* [WHAT IS BEING ASKED]:
For this exercise, return only the lines in the records below from the one holding "These personalized bag" through the one holding "Am Donnerstag, 22.", including both, exactly as they appear and without pictures.

* [INPUT FOR THIS TASK]:
^^^^

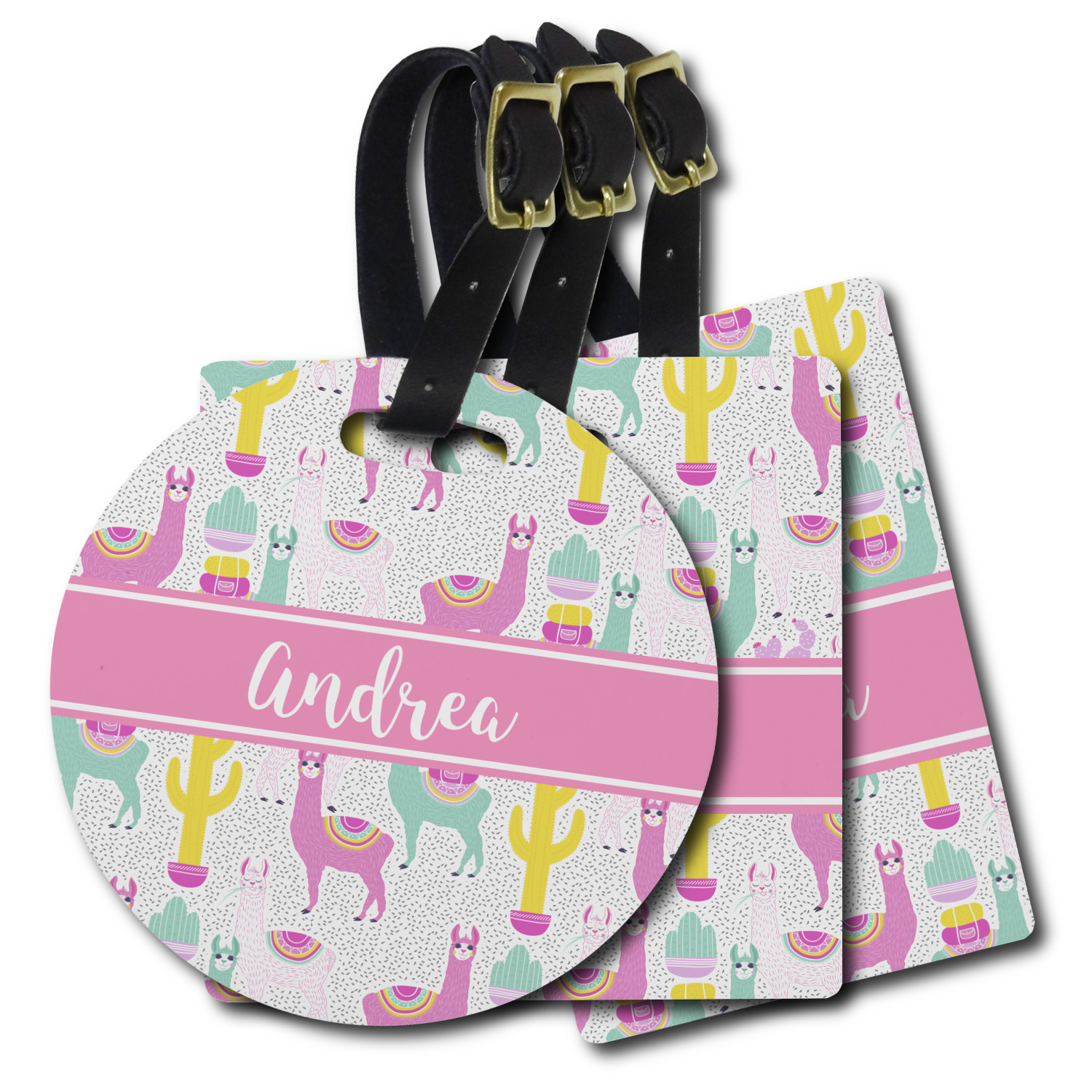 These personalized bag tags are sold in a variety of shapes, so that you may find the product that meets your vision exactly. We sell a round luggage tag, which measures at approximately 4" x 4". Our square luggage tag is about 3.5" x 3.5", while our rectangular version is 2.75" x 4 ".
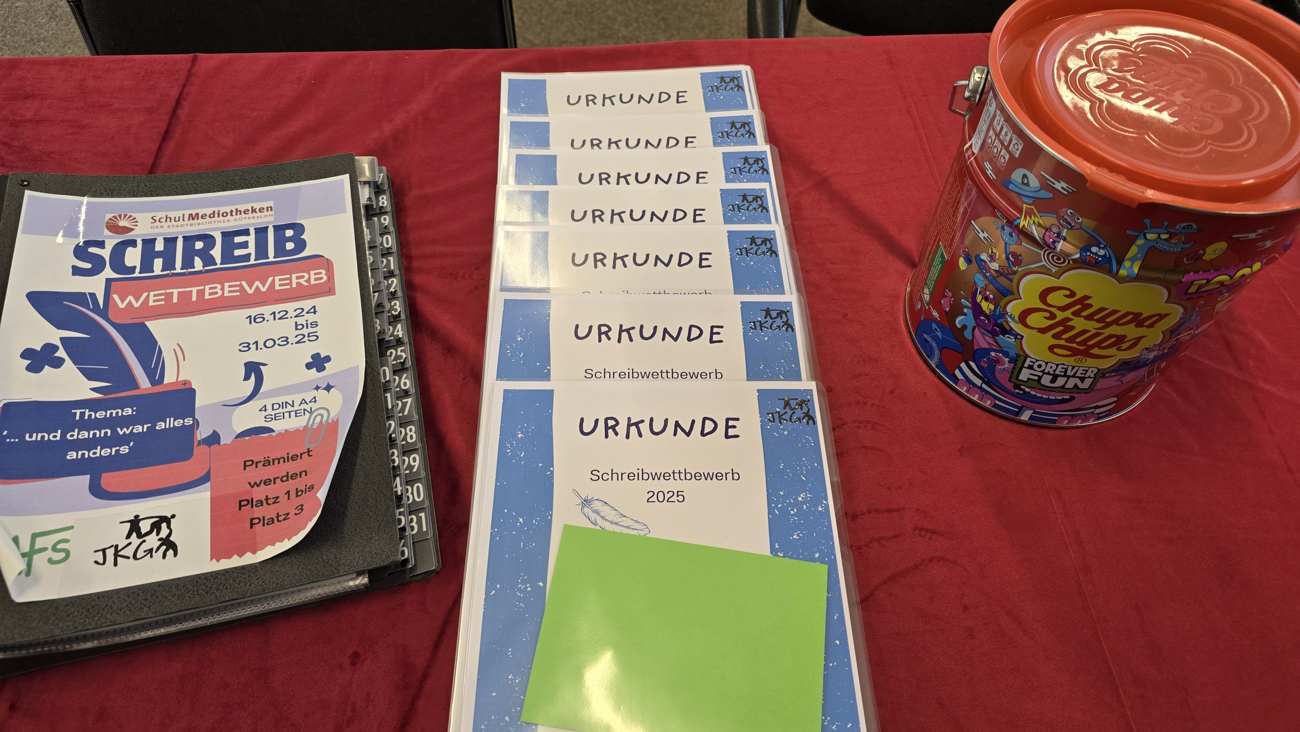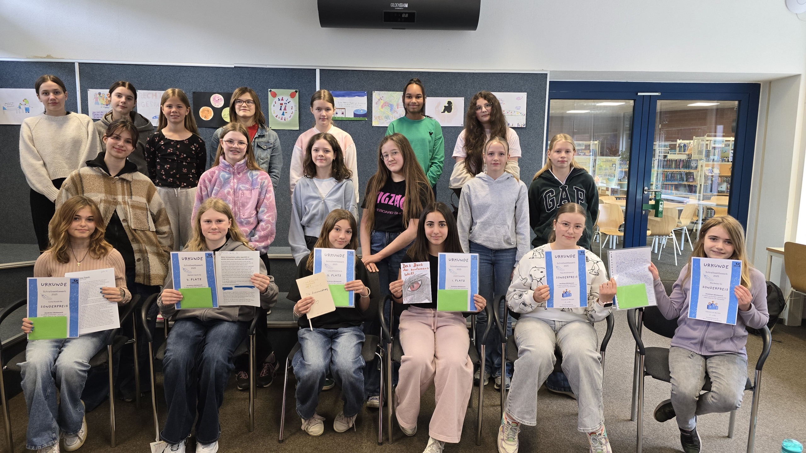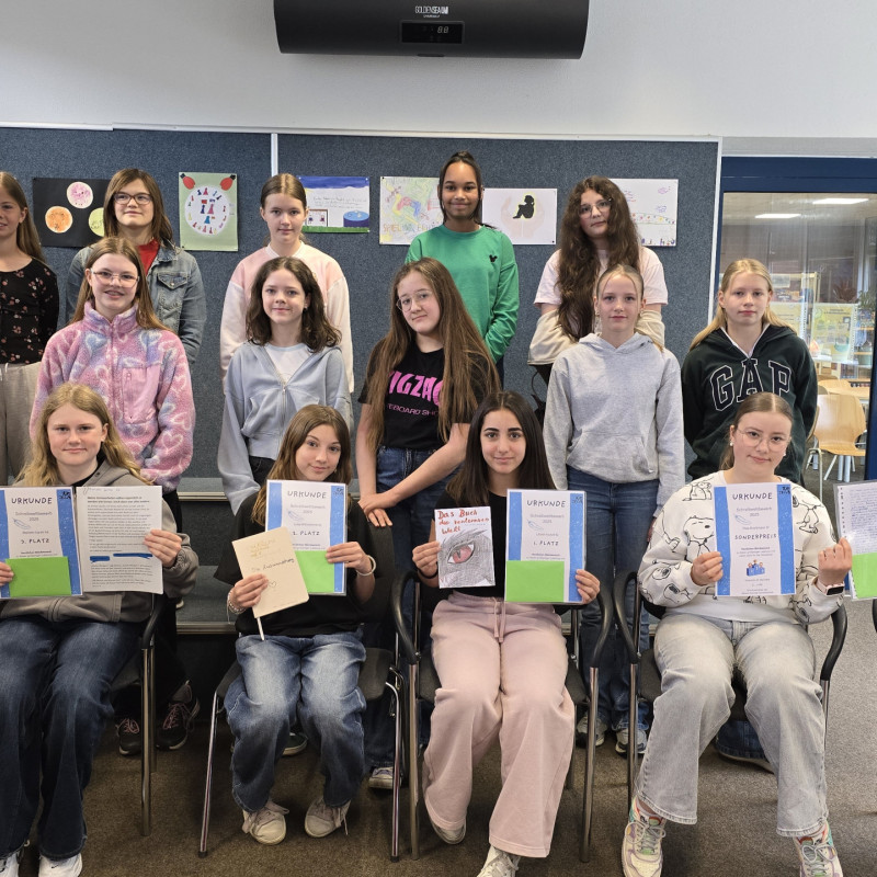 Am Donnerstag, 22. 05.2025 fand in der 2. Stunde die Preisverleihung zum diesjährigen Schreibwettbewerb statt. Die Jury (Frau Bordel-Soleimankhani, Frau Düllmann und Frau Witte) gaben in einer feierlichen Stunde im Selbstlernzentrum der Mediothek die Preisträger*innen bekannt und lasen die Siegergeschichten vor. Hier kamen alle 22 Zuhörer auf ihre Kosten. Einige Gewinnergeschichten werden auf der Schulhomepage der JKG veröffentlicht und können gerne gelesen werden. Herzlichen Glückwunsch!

^^^^

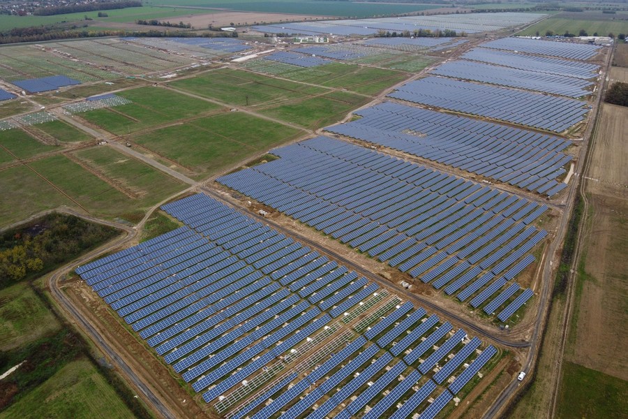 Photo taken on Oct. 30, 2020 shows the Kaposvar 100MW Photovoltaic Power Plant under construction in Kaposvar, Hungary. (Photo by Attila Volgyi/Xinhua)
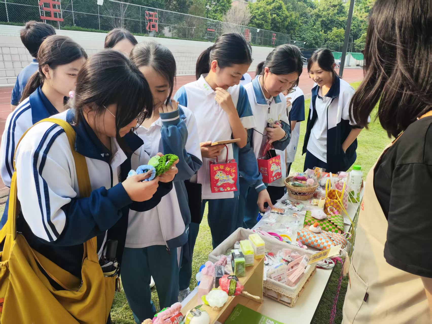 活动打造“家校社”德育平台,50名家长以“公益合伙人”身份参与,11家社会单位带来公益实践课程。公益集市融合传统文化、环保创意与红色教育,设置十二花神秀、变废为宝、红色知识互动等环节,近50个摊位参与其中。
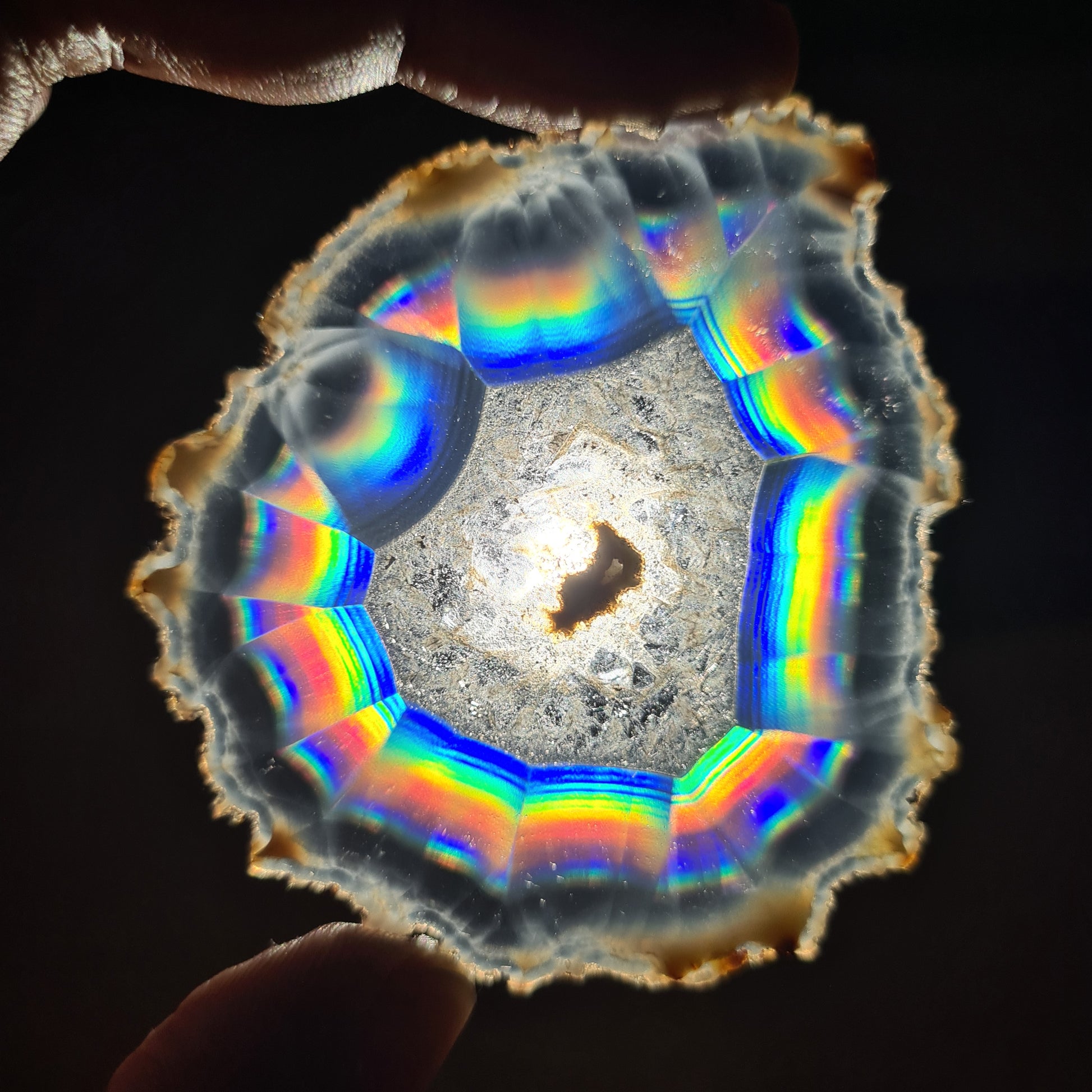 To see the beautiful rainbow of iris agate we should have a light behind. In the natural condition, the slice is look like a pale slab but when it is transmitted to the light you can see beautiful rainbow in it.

^^^^

* [EXPECTED ANSWER]:
 These personalized bag tags are sold in a variety of shapes, so that you may find the product that meets your vision exactly. We sell a round luggage tag, which measures at approximately 4" x 4". Our square luggage tag is about 3.5" x 3.5", while our rectangular version is 2.75" x 4 ".
 Am Donnerstag, 22. 05.2025 fand in der 2. Stunde die Preisverleihung zum diesjährigen Schreibwettbewerb statt. Die Jury (Frau Bordel-Soleimankhani, Frau Düllmann und Frau Witte) gaben in einer feierlichen Stunde im Selbstlernzentrum der Mediothek die Preisträger*innen bekannt und lasen die Siegergeschichten vor. Hier kamen alle 22 Zuhörer auf ihre Kosten. Einige Gewinnergeschichten werden auf der Schulhomepage der JKG veröffentlicht und können gerne gelesen werden. Herzlichen Glückwunsch!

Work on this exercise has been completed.